Onboarding Time: This metric might be measured as the time to reach the “Hello world” stage or how long it takes developers to spin up a functional environment. This can be supported by logical signposting to quick-start guides or delivering campaigns that point to free trials.
Developer Retention Rate: Measuring new users is a basic metric. However, organizations need to track retention and movement through the entire developer funnel to get a good indication on DevEx. This can be achieved by implementing PLG-based CRM systems to track the pipeline, and live dashboards to measure impact in product improvements and marketing performance.
Developer Satisfaction: This measures overall experience, satisfaction, and recommendations for improvement through a continuous feedback loop. This can be achieved via developer surveys, net promoter scores (NPS), feedback widgets, community polls, stakeholder interviews, user group studies, etc.
Community Engagement: This metric measures the health and growth of your developer community not just in terms of numbers, but also through the level of engagement and activity. This can be tracked through community size, monitoring discussions, frequency of posts, overall sentiment, and even through GitHub engagement insights.
At Graphcore, we monitored a variety of PLG metrics to measure DX. We created a dashboard to visualize the movement from awareness to advocacy, looking closely at content, channels, and campaigns that made an impact in turning evaluators into adopters.

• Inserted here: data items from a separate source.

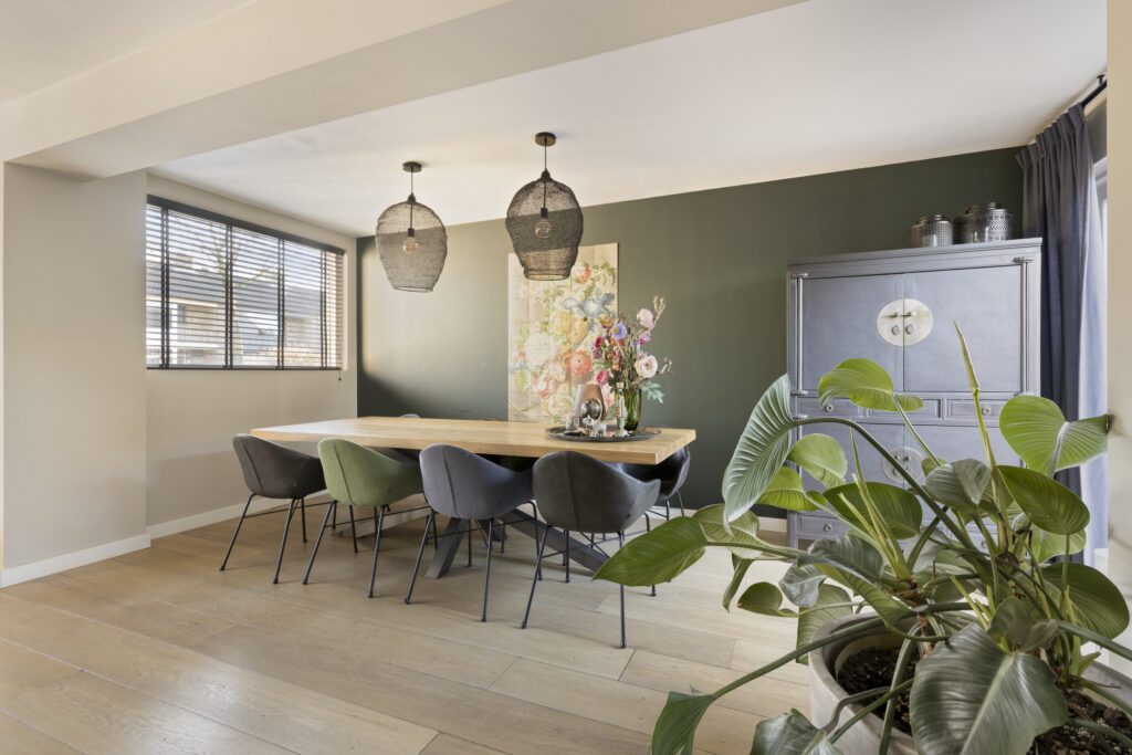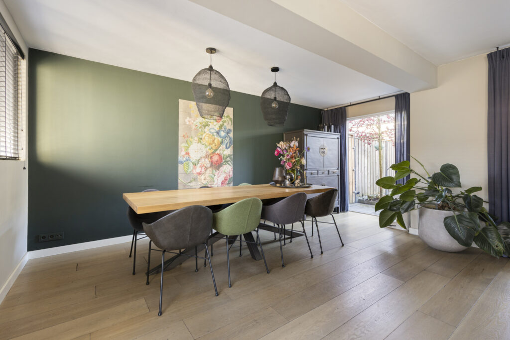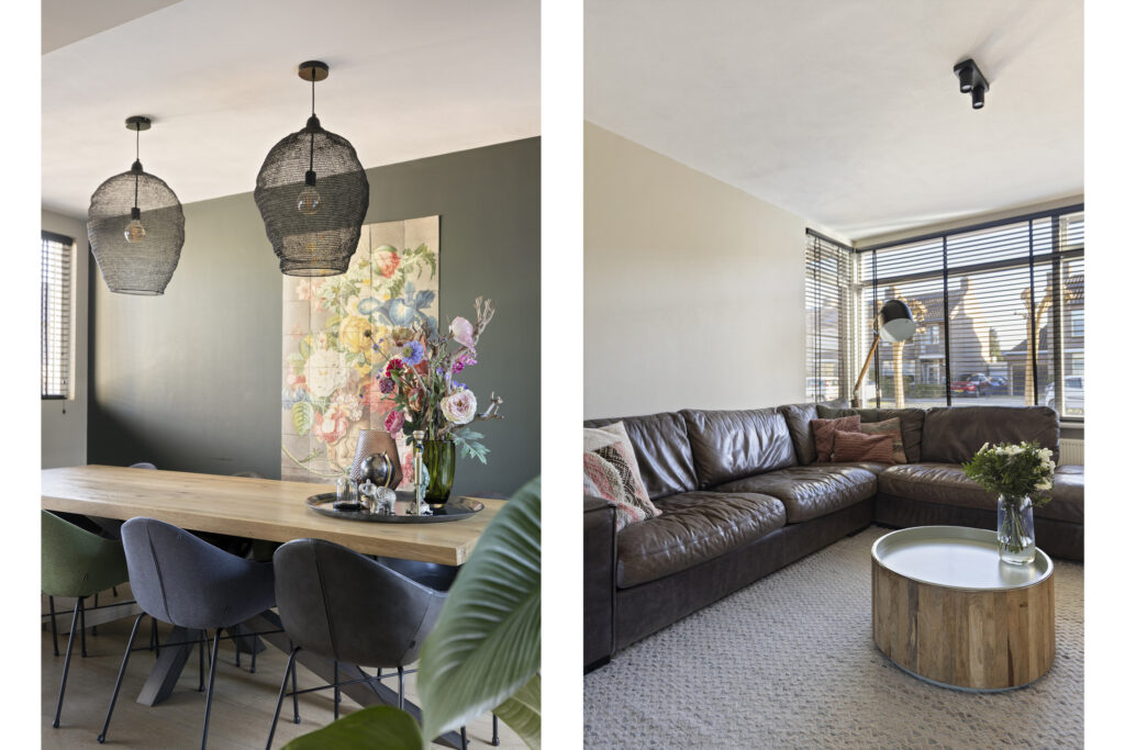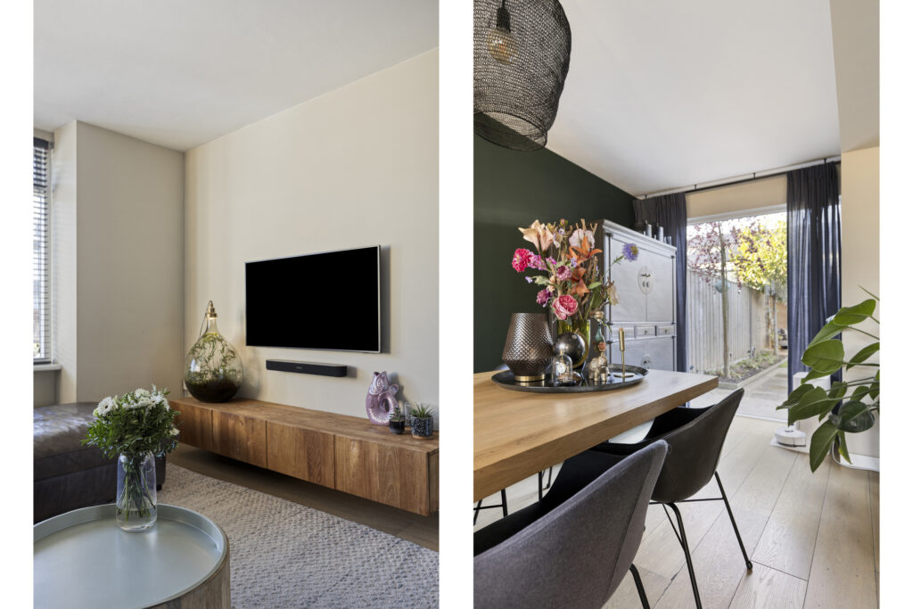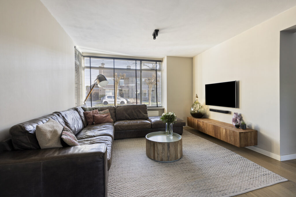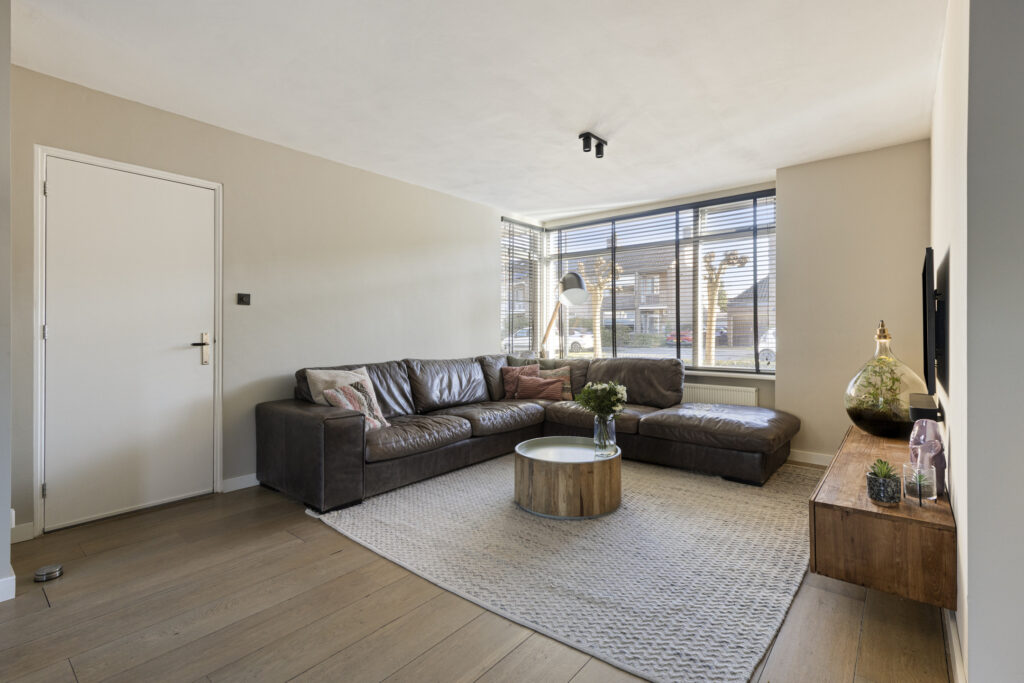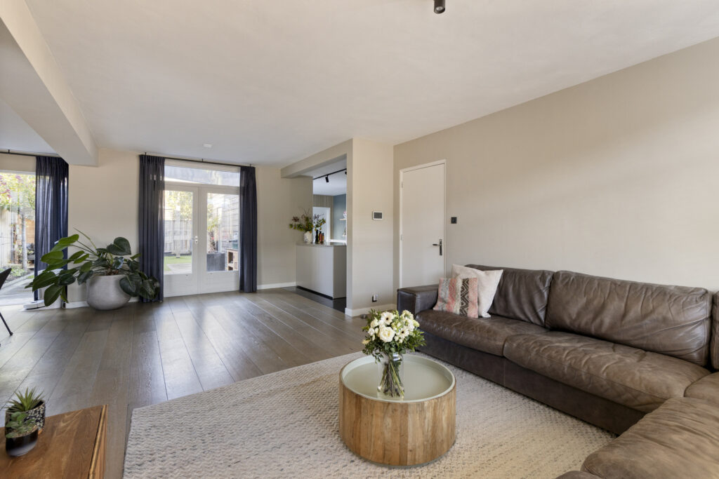 Vanuit de hal bereikt u de lichte, uitgebouwde living. Doordat de oorspronkelijke garage bij de living is betrokken, is een royale leefruimte ontstaan met veel lichtinval en een speelse indeling. Er zijn openslaande deuren aanwezig die toegang geven tot de achtertuin. De living is eenvoudig in te delen met een ruime zithoek aan de voorzijde van de woning. In de voormalige garage is een mooie eetruimte gecreëerd met plaats voor een 8-persoonseettafel en uitzicht op de achtertuin. Op de vloer ligt een hoogwaardige lamelparketvloer met vloerverwarming en de wanden zijn strak gestuct.
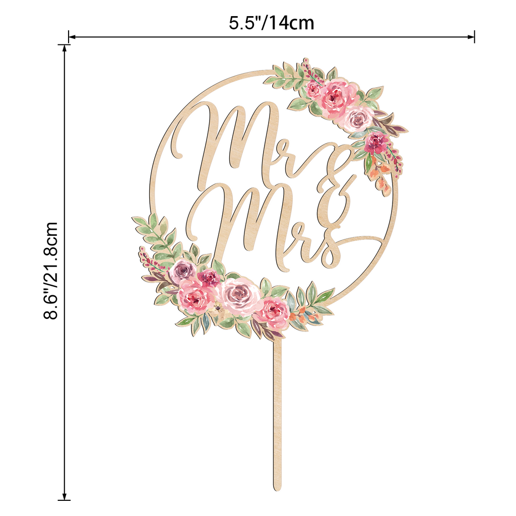 Celebrate your union with the rustic charm of our 'Mr & Mrs' wooden cake topper with Pink Floral Round Frame Design. Expertly crafted from high-quality wood, this topper adds a natural, heartfelt touch to your wedding cake. The elegant design, paired with the organic texture, makes it the perfect accent for any wedding theme, from vintage to bohemian.
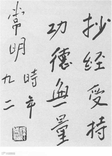 “没临帖的人写字,一看就是个野路子。”心一说,他依然坚持临帖,抄写《金刚经》。常明老和尚曾给他题词“抄经受持功德无量”,心一把此话装裱在自己的案头,日日激励自己,从不懈怠。

How Does Developer Experience Drive Business Success?
Ultimately, investing in a positive developer experience results in happier developers, successful business outcomes, and a competitive edge. Enhancing DX and incorporating developer-first marketing strategies will result in:
Broader Feedback: Providing multiple communication channels for two-way developer feedback will open up more dialogue, constructive reviews, and meaningful insights into how your product should be improved.
Optimized ROI: Developer feedback can be fed into marketing strategies that focus on priority content, compelling campaigns, targeted events, and curated developer programs that reduce wasted marketing dollars.
Reduced White-Glove Support: By providing high-quality technical content, code, and resources, developers can self-serve and guide themselves through the development process. They’ll require less input from support teams that provide one-on-one white-glove treatment.
More Innovation: Developers will become more productive and capable of unlocking new breakthroughs or use cases on your technology, which will, in turn, drive a more competitive edge or broader market fit for your product.
Improved Efficiency: This isn’t just for external developers to speed up development time or reduce operational costs. It’s also for internal engineers to focus on what really matters when it comes to product improvements, new features, and documentation creation.
Thriving Community: A strong developer experience will help build a positive and loyal community that fosters peer-to-peer support, advocacy, and collaborative content creation around your product.
More Revenue: A better product plus positive developer experience equals increased adoption and higher retention rates. It will also result in a higher conversion rate of free-to-paid users, as they expand to deployment and scale up their production workloads.
Today, more than ever, developers call the shots when it comes to the technology that companies use. The role of DX is so fundamental that it can unlock a purchase decision. If done poorly, it can end potential deals and drive them towards competitors instead.
It’s imperative that tech companies listen to developers, act on their feedback, and keep them happy. Effective marketing strategies look beyond awareness and nurture developer success throughout the entire lifecycle, creating a positive overall developer experience.